■ **Work to be completed**
Set down the entries below exactly; drop the pictures.

■ **Recorded data**
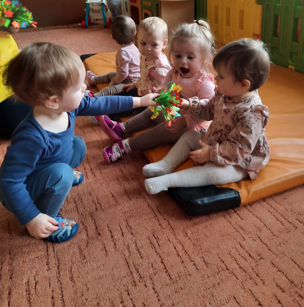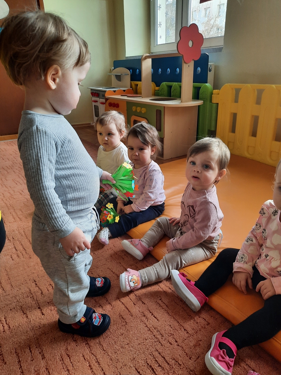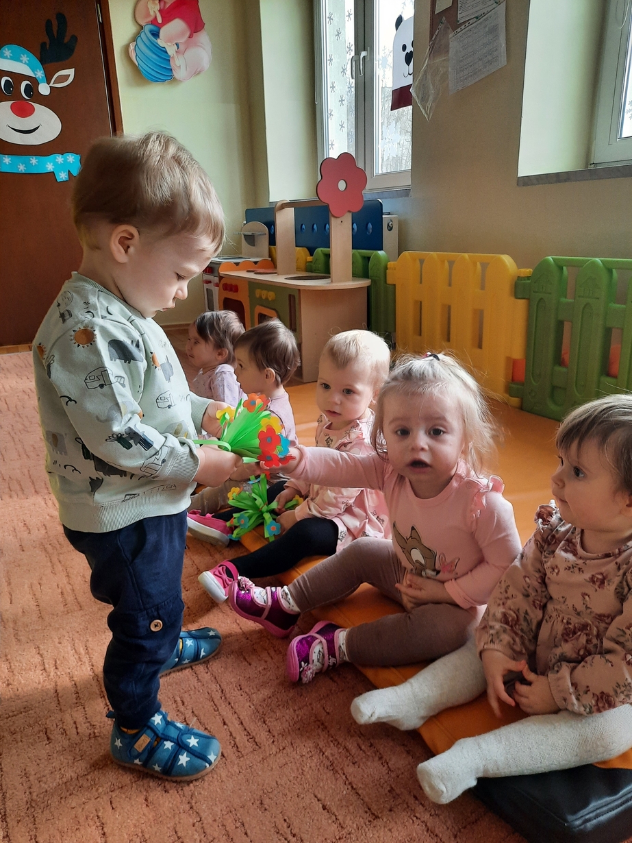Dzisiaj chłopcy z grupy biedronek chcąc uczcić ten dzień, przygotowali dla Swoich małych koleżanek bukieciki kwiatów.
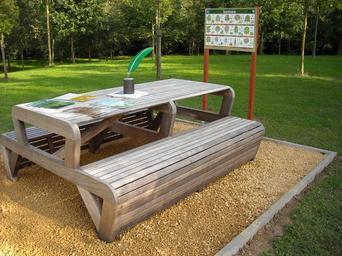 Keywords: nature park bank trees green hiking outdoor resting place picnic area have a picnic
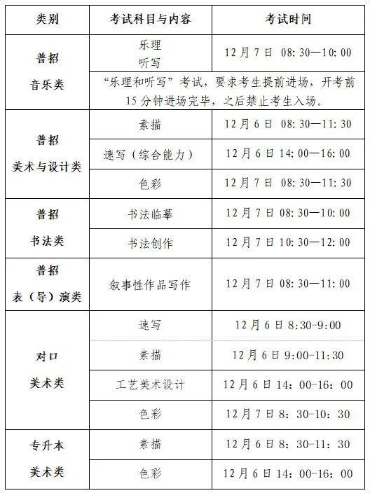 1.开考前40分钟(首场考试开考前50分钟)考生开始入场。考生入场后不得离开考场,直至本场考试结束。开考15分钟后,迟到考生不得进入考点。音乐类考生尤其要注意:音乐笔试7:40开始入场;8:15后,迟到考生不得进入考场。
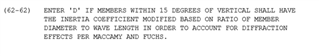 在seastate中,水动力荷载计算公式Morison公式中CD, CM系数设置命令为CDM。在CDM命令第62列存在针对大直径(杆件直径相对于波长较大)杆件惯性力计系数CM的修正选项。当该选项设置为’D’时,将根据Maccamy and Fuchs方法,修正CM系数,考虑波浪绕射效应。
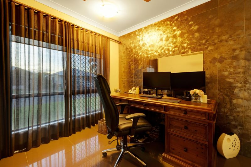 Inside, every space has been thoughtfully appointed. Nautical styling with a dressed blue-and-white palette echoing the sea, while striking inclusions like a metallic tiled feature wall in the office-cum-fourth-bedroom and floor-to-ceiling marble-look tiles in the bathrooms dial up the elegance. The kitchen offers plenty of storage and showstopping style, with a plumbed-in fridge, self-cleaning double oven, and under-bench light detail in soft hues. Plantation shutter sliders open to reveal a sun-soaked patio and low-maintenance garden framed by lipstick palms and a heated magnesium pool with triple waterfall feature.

■ **Result for this exercise**
Dzisiaj chłopcy z grupy biedronek chcąc uczcić ten dzień, przygotowali dla Swoich małych koleżanek bukieciki kwiatów.
 Keywords: nature park bank trees green hiking outdoor resting place picnic area have a picnic
 1.开考前40分钟(首场考试开考前50分钟)考生开始入场。考生入场后不得离开考场,直至本场考试结束。开考15分钟后,迟到考生不得进入考点。音乐类考生尤其要注意:音乐笔试7:40开始入场;8:15后,迟到考生不得进入考场。
 在seastate中,水动力荷载计算公式Morison公式中CD, CM系数设置命令为CDM。在CDM命令第62列存在针对大直径(杆件直径相对于波长较大)杆件惯性力计系数CM的修正选项。当该选项设置为’D’时,将根据Maccamy and Fuchs方法,修正CM系数,考虑波浪绕射效应。
 Inside, every space has been thoughtfully appointed. Nautical styling with a dressed blue-and-white palette echoing the sea, while striking inclusions like a metallic tiled feature wall in the office-cum-fourth-bedroom and floor-to-ceiling marble-look tiles in the bathrooms dial up the elegance. The kitchen offers plenty of storage and showstopping style, with a plumbed-in fridge, self-cleaning double oven, and under-bench light detail in soft hues. Plantation shutter sliders open to reveal a sun-soaked patio and low-maintenance garden framed by lipstick palms and a heated magnesium pool with triple waterfall feature.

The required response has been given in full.